How to complete this task
Omit all pictures, then retype exactly the lines from the one that contains "The design features" through the end of the listing.

Exercise data
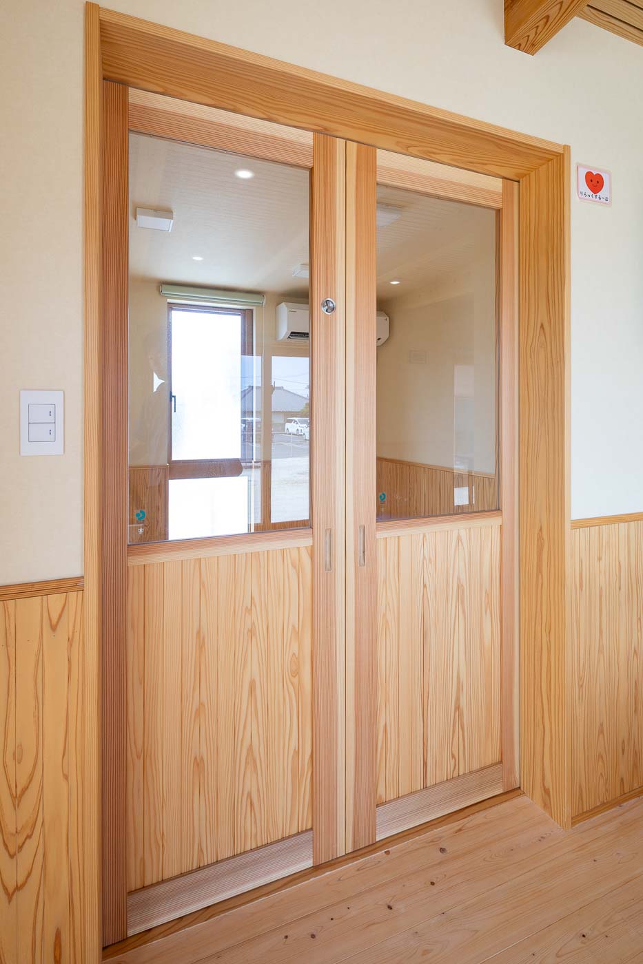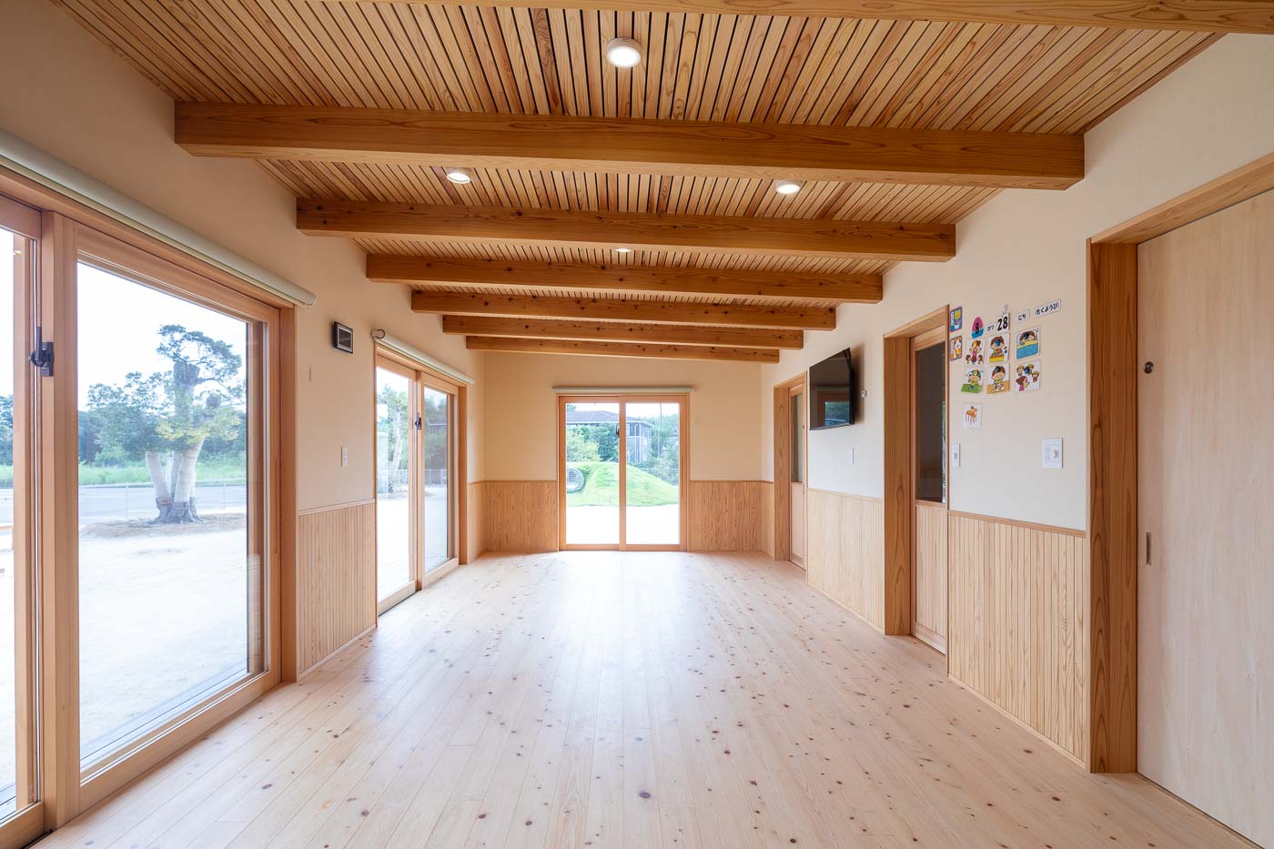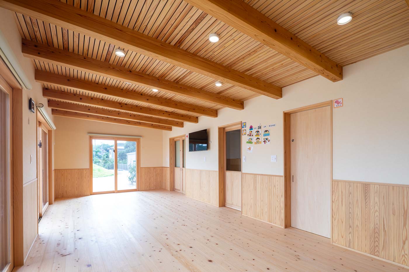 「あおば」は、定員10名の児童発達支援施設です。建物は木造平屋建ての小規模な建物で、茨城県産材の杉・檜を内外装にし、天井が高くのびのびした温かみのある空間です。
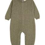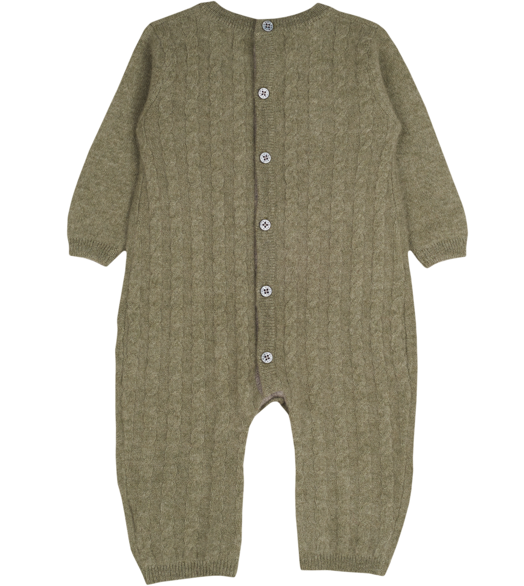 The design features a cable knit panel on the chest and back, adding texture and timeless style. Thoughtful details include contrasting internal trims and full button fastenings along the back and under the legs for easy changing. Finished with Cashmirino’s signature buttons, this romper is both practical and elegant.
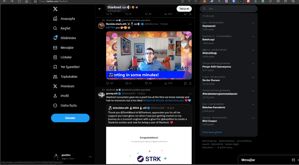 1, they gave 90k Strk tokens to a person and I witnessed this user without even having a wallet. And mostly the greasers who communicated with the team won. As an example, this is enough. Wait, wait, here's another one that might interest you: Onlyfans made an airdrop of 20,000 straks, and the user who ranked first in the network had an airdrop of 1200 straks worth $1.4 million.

Result
 The design features a cable knit panel on the chest and back, adding texture and timeless style. Thoughtful details include contrasting internal trims and full button fastenings along the back and under the legs for easy changing. Finished with Cashmirino’s signature buttons, this romper is both practical and elegant.
 1, they gave 90k Strk tokens to a person and I witnessed this user without even having a wallet. And mostly the greasers who communicated with the team won. As an example, this is enough. Wait, wait, here's another one that might interest you: Onlyfans made an airdrop of 20,000 straks, and the user who ranked first in the network had an airdrop of 1200 straks worth $1.4 million.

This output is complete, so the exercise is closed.